Freescale Semiconductor SC140 specifications Binary Code Practices

Programming Guidelines

•Observe the immediate operand ranges as specified within the braces { } in Appendix A.2, “Instructions,” on page A-19. Operand values outside these ranges are undefined. Some specific examples are:

—ADD #u5,Dn {0 < u5 < 32}

—ASLL Da,Dn {-40 < Da[6:0] < 40}

•Observe address pointer alignments on memory accesses as specified in Table 2-19: Memory Address Alignment and within the braces { } in Appendix A.2, “Instructions.” Misaligned memory accesses are undefined. Some specific examples are:

—MOVE.L (a32),DR {0 £ a32 < 232,L}, meaning long word aligned (address is a multiple of 4).

— MOVE.4F (EA),Da:Db:Dc:Dd {0 £ EA < 232,Q}, meaning quad word aligned (address is a multiple of 8).

•Observe SP and OSP stack pointer quad alignment. The ESP and NSP registers have their three least significant bits hard-wired to zero. So SP arithmetic results that are not a multiple of 8 cannot be represented in the ESP and NSP registers. Note that MOVE-like instructions using SP with an offset to access the stack allow more general alignment based on the memory access size.

•Observe the word alignment requirement for COF destinations. Computed COF destinations (such as JMP R0) that are not a multiple of 2 are in error. Misaligned program fetches are undefined. Note that the PC register has its least significant bit hard-wired to zero.

•Observe modifier mode parameter constraints on size and offset discussed in Section 2.3.4, “Address Modifier Modes.” Using out-of-range or reserved parameter values may produce undefined results. Also observe address pointer alignments specific to the selected modifier mode.

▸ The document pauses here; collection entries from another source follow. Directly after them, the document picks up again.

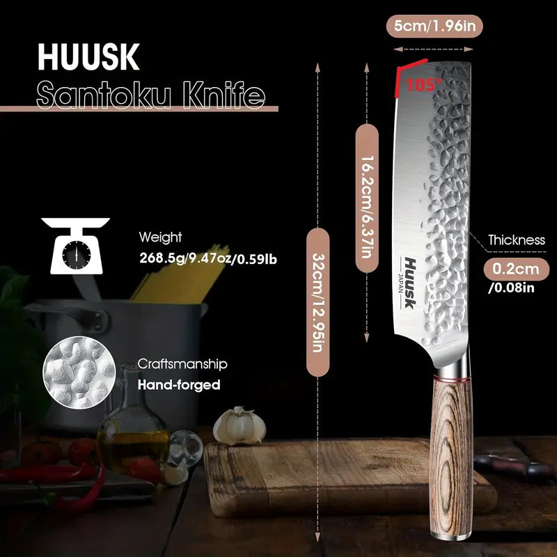 Upgrade your kitchen with the Huusk Professional Japanese Knife Set, featuring a versatile meat cleaver, precise Nakiri, and sharp boning knives. Crafted with high-quality steel and ergonomic Pakkawood handles, these knives offer exceptional balance, comfort, and durability. Perfect for home cooks or professional chefs, this set comes in a stylish gift box, making it an ideal addition to any family kitchen or restaurant.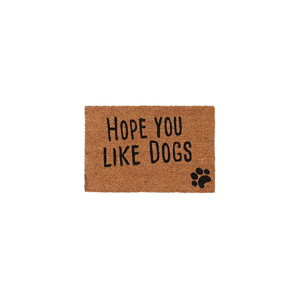 Relaxdays Doormat with Slogan, Hope You Like Dogs, Animal Theme, Coconut Fibres, Outdoors, Indoors, Welcome Mat 40x60cm, Natural, Coir, Standard
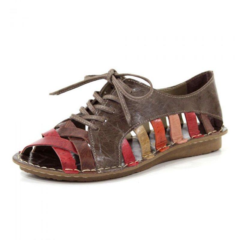 Date Hollow-out Casual Peep Toe Lace Up Sandals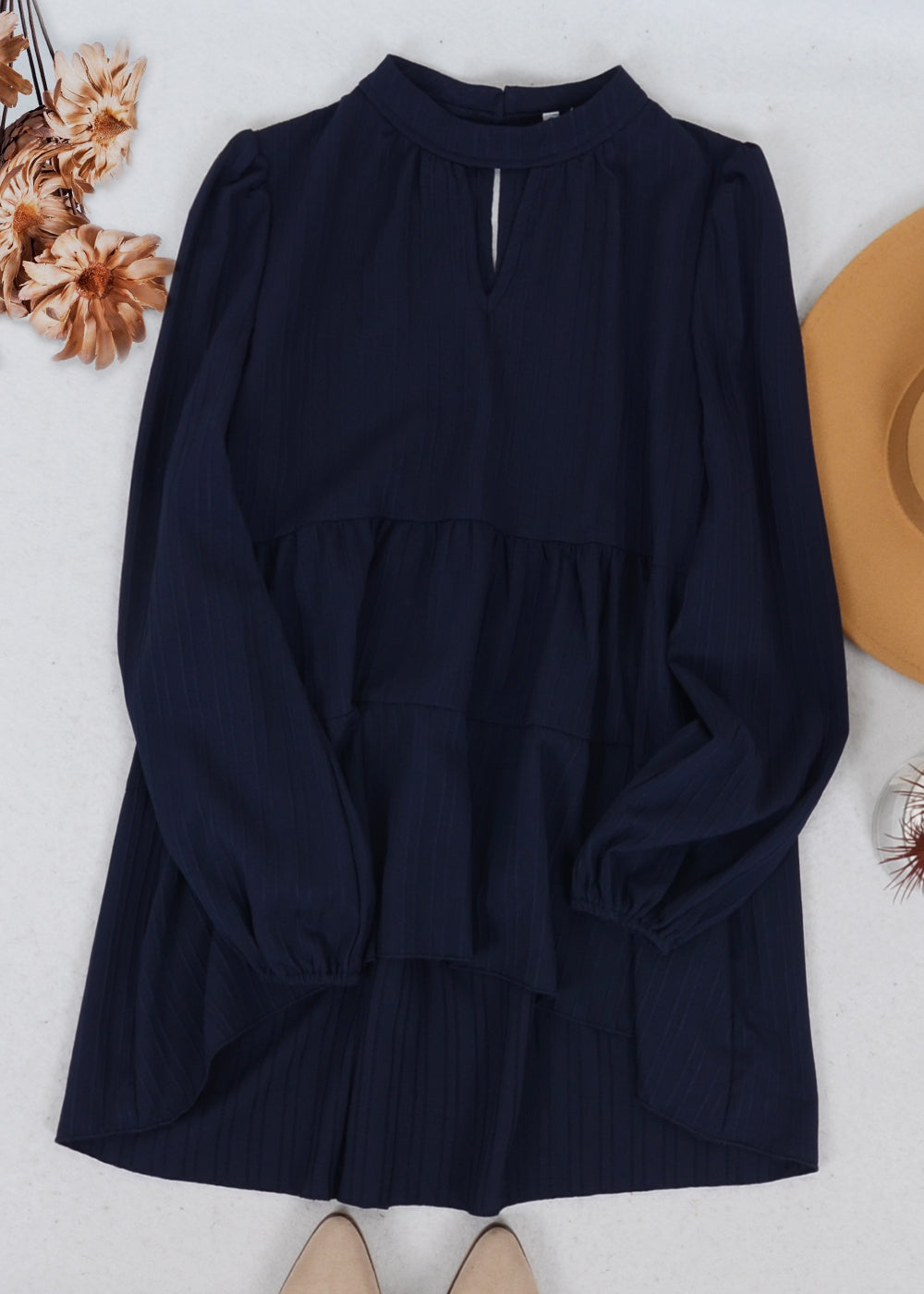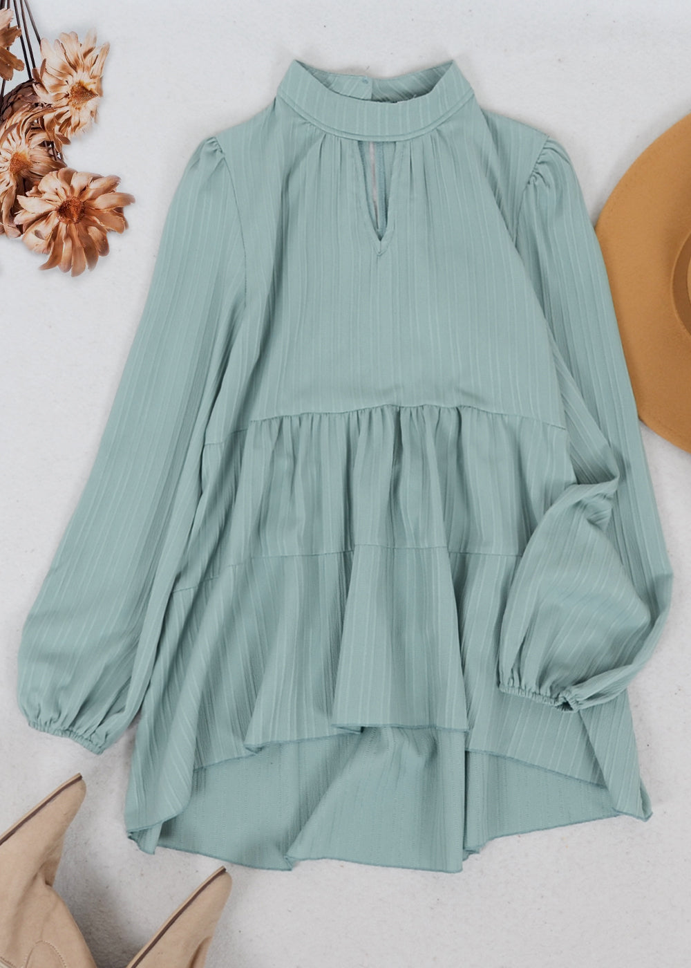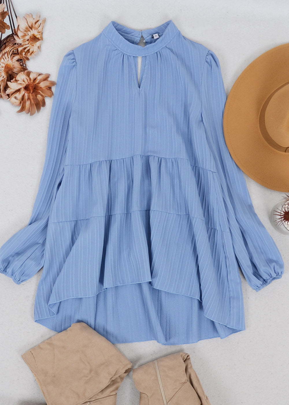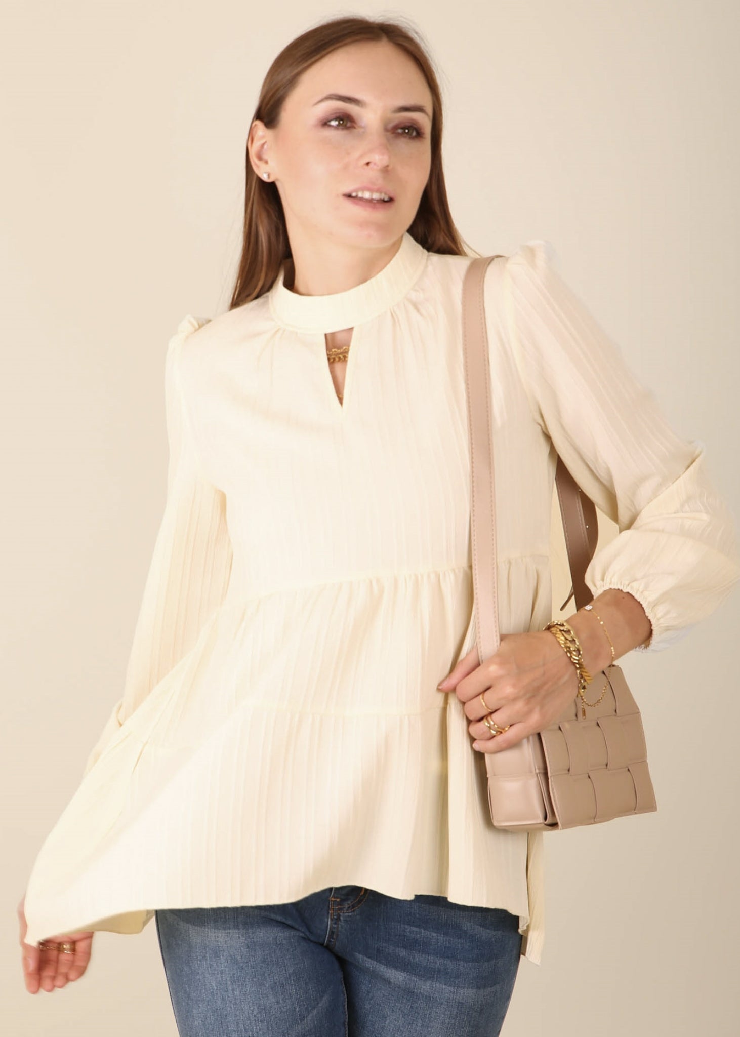 The Anna-Kaci blouse is detailed with a beautiful tiered peplum hem. Features a high neck line, cutout front detail, long sleeves, and flowy fit. Pair it with jeans and boots for a juxtaposing look.

•MOVES should be preceded by an instruction that updates the Ln-bit based on the data. Otherwise, the data moved may be modified by a Ln-bit not associated with the data.

•Do not explicitly modify the SR register to change the loop flags LFn and SLF in SR. Use the loop control instructions in Table A-14: AGU Loop Control (Including Loop COF) Instructions on page A-18.

•The SR register contains local task context such as the loop flags, T bit, etc. Always save and restore the SR register on exceptions and OS context switches.

•The EMR register contains global, not local, status bits. Do not use EMR status bits for local task context. Do not save and restore EMR on exceptions and OS context switches.

•Do not return from a subroutine with RTE/D, and do not return from an exception with RTS/D.

•If the return address on the memory stack is changed to effect a task switch, use RTSTK to bypass the RAS mechanism. Otherwise, the SC140 will return to the previous caller location if RAS is valid.

•Do not use VSL for anything other than the Viterbi algorithm. It violates the endian rules.

•Do not use “reserved” bits in registers for data storage. Always write “reserved” bits with their initial reset value (usually zero). This maintains software compatibility if a “reserved” bit is defined in the future.

7.7.2.2 Binary Code Practices

•Do not write self-modifying code (replacing portions of an application binary at run-time). It cannot be checked for errors by the assembler. It is also difficult to debug, and may not be compatible with future processor implementations.